* _Problem details_
Exact reproduction of all the data is required, with pictures excluded.

(Data Opens)

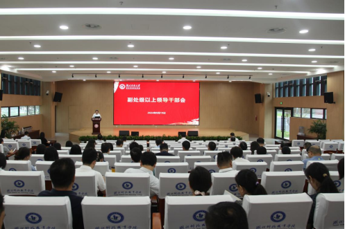 校长陈志祥指出,这次机构改革是校党委在审慎谋划、充分调研、广开言路,认真研究的基础上推行,是深入贯彻党的二十届三中全会精神的重要举措,更是学校推进事业实现可持续高质量发展的全新起点。他对学校机构改革工作提出三点意见:一是以高度政治自觉充分理解学校推进机构改革的意义。从宏观上要深刻领会党的二十届三中全会精神,所有领导干部要当改革的促进派和实干家,将改革进行到底;中观上要紧跟教育发展形势,把握发展机遇,开放教育要抓住体系化办学,数字化赋能,社会化服务三个关键词,职业教育要通过示范项目提高办学水平;微观上学校各单位(部门)的管理人员要从讲政治的高度去理解改革。二是以高度思想自觉坚决拥护学校推进机构改革的决定。本次机构改革突出三个特点:首先是稳根本,改革主要集中在理顺体制、优化职数职能等方面,稳住了基本盘。其次是促融合,开放教育和职业教育相互促进,要形成1+1>2的局面。最后是谋发展,将部分职能划归至更有抓手的部门,让改革后的管理和经济效益得到明显提升。三是以高度行动自觉贯彻落实学校推进机构改革的部署。抓宣讲、抓执行、抓发展,认真贯彻落实校党委积极推进改革,积极谋求发展的要求,从改革方案原则和精神两个层面抓好落实。
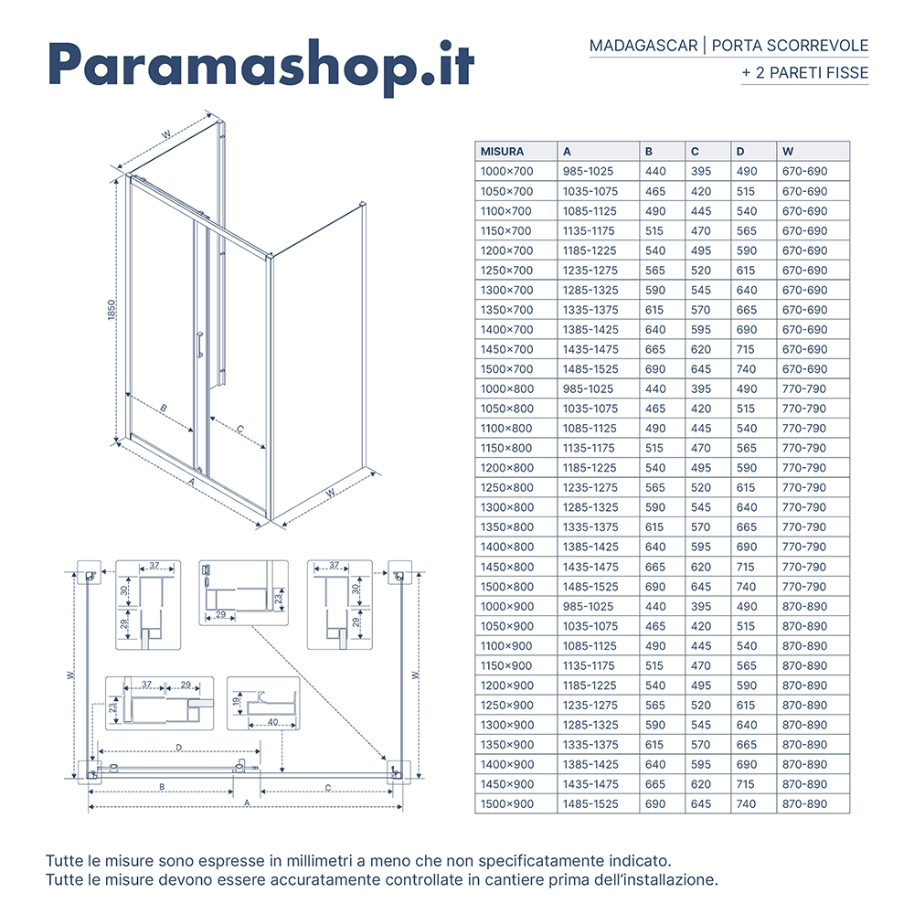 - Porta scorrevole da 125cm, due pareti fisse da 70cm
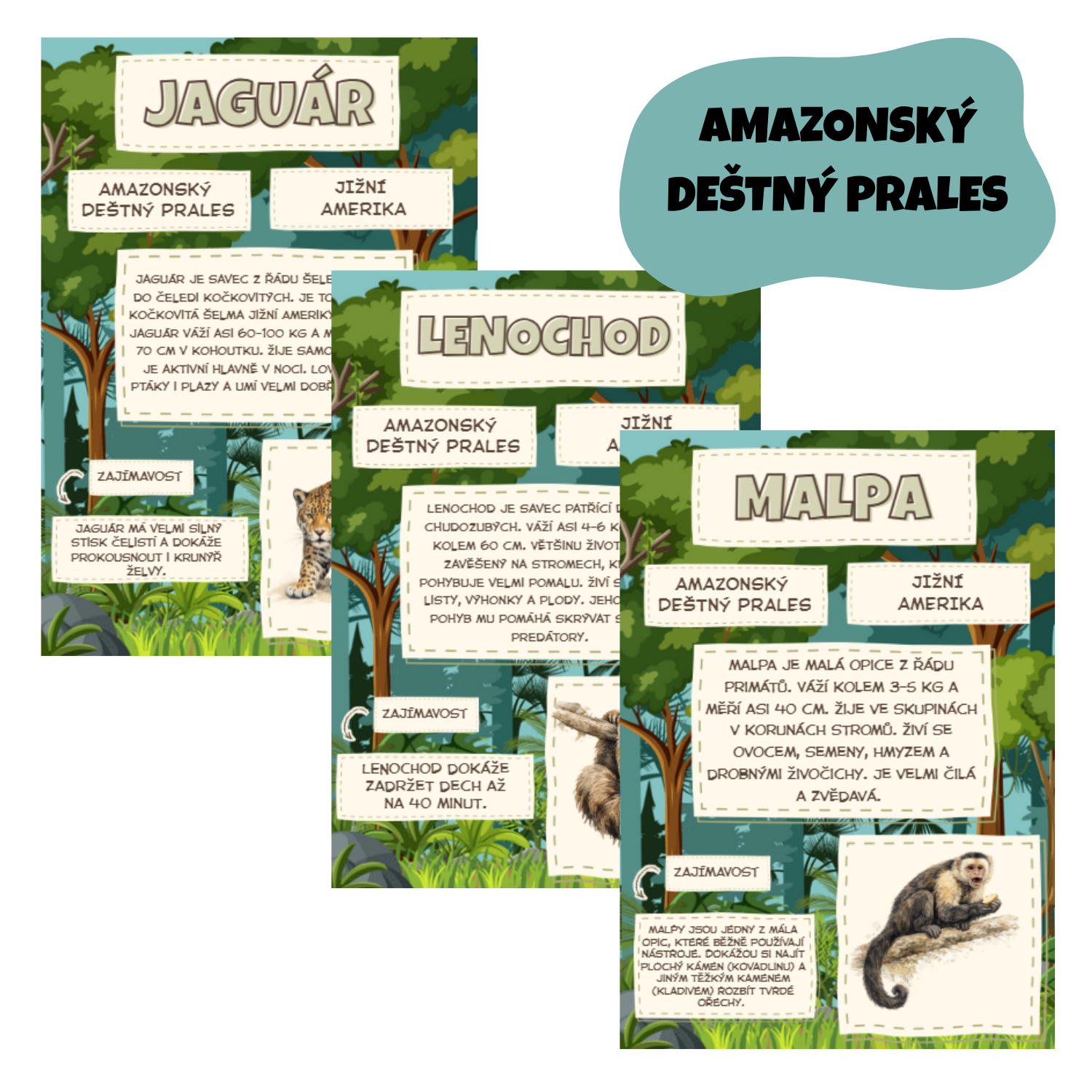 - plakáty s živočichy AMAZONSKÉHO deštného lesa (str. 3 - 19)

(Data Closes)

* _Expected output_
 校长陈志祥指出,这次机构改革是校党委在审慎谋划、充分调研、广开言路,认真研究的基础上推行,是深入贯彻党的二十届三中全会精神的重要举措,更是学校推进事业实现可持续高质量发展的全新起点。他对学校机构改革工作提出三点意见:一是以高度政治自觉充分理解学校推进机构改革的意义。从宏观上要深刻领会党的二十届三中全会精神,所有领导干部要当改革的促进派和实干家,将改革进行到底;中观上要紧跟教育发展形势,把握发展机遇,开放教育要抓住体系化办学,数字化赋能,社会化服务三个关键词,职业教育要通过示范项目提高办学水平;微观上学校各单位(部门)的管理人员要从讲政治的高度去理解改革。二是以高度思想自觉坚决拥护学校推进机构改革的决定。本次机构改革突出三个特点:首先是稳根本,改革主要集中在理顺体制、优化职数职能等方面,稳住了基本盘。其次是促融合,开放教育和职业教育相互促进,要形成1+1>2的局面。最后是谋发展,将部分职能划归至更有抓手的部门,让改革后的管理和经济效益得到明显提升。三是以高度行动自觉贯彻落实学校推进机构改革的部署。抓宣讲、抓执行、抓发展,认真贯彻落实校党委积极推进改革,积极谋求发展的要求,从改革方案原则和精神两个层面抓好落实。
 - Porta scorrevole da 125cm, due pareti fisse da 70cm
 - plakáty s živočichy AMAZONSKÉHO deštného lesa (str. 3 - 19)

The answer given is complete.